Crew-2 splashed down in the Gulf of Mexico on Monday after a 200-day mission on the International Space Station. This is the third crewed mission for SpaceX’s contract with NASA’s Commercial Crew Program and fourth overall crewed mission counting Inspiration4.
Crew-2 had originally been planned to overlap with Crew-3 for a handover period of a few days. However, Crew-3 was delayed due to bad weather and an undisclosed illness in one of the crew members.
Before returning home, Crew-2 flew once around the space station, taking pictures, in a first for SpaceX. NASA’s Space Shuttle used to conduct a similar maneuver when completing visits to the International Space Station before the shuttle’s retirement in 2011.

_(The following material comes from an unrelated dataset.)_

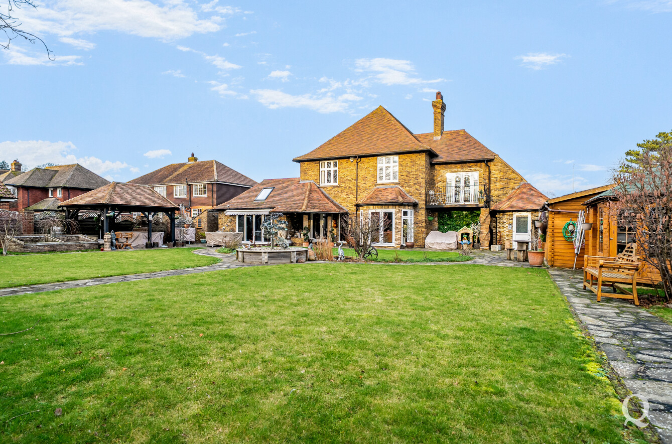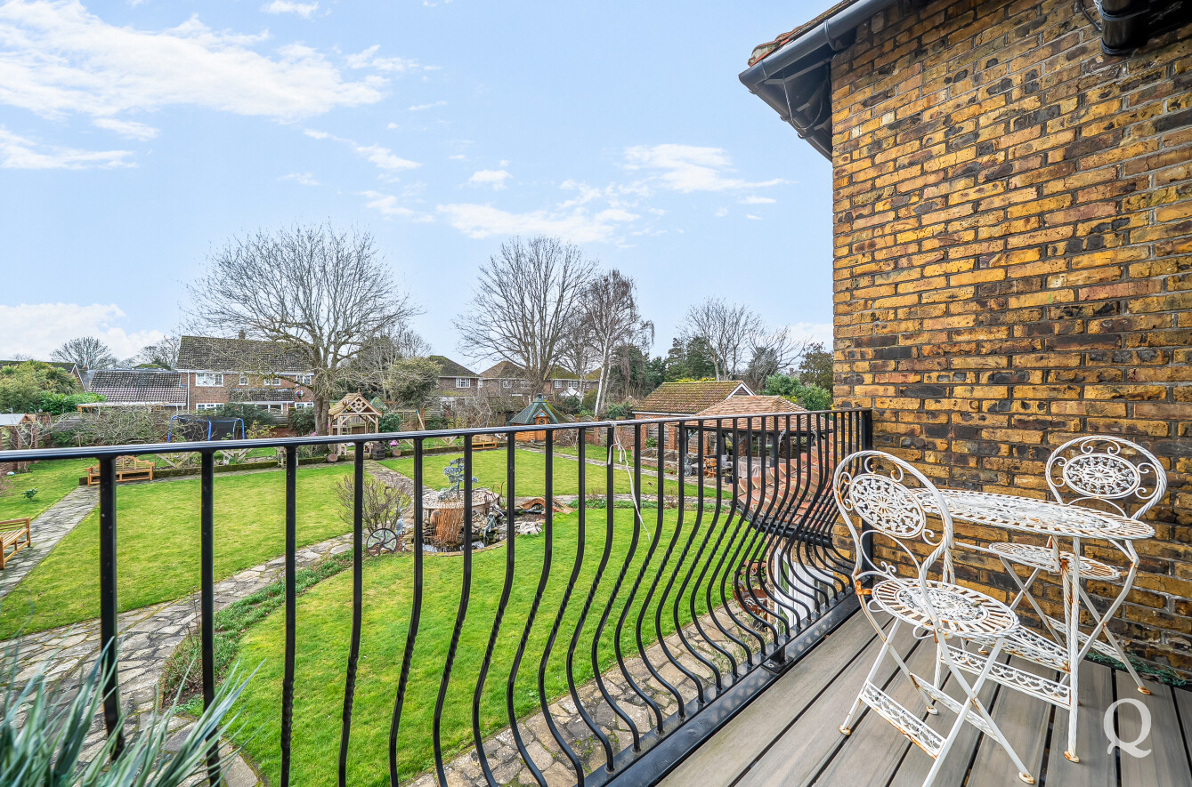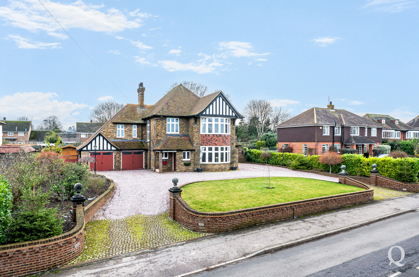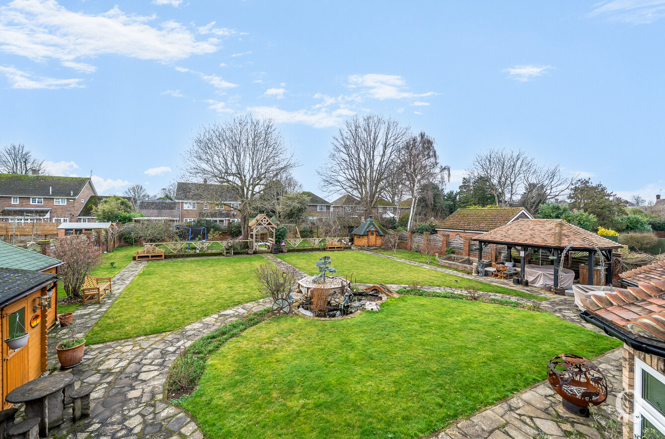 The property is approached through a large and impressive galleried entrance hall, setting the tone for the space and elegance found throughout. From here, a superb front reception room with a replacement wood burner enjoys a large bay window overlooking the frontage, while a separate dining room flows seamlessly into a fabulous modern kitchen, both of which benefit from electric underfloor heating. The kitchen also features solar powered Velux windows and bi-fold doors opening directly onto the rear garden – ideal for both family life and entertaining. A second reception room to the rear benefits from a replacement wood burner and French doors to the garden. A conveniently positioned downstairs WC completes the ground floor. To the first floor, the principal bedroom is located to the front of the house and features a large bay window, a stylish en-suite shower room and a dedicated dressing room. The second bedroom also benefits from its own en-suite shower room and a balcony, while two further generous double bedrooms are served by a spacious family bathroom, fitted with a freestanding bath and a separate shower cubicle. Externally, the property offers an impressive ‘in and out’ driveway providing parking for multiple vehicles, together with a double garage. To the rear is a large, south-facing landscaped garden, thoughtfully arranged and incorporating a range of useful and attractive outbuildings, including a Barbeque Hut Kota, a workshop, store, summer house with additional storage and an outside WC attached to the rear of the garage. This is a truly outstanding home, presented to a very high standard throughout and beautifully in keeping with the age and character of the property, in a highly sought-after location.

Crew-2 had to put up with a malfunctioning toilet on the way home, which meant that they had to make use of specialized garments during the eight-hour ride home. Inspiration4 had similarly experienced issues with its toilet, though they were able to fix it in flight. SpaceX says it has a fix for the issue, though the Crew-2 Crew Dragon had to return home before they could work on it.
Crew-2 also had an issue with one of the parachutes used to slow the Crew Dragon enough for a safe splashdown. However, the other parachutes did the job adequately and the crew seemed to be in good spirits when they emerged from their spacecraft on board the recovery vehicle.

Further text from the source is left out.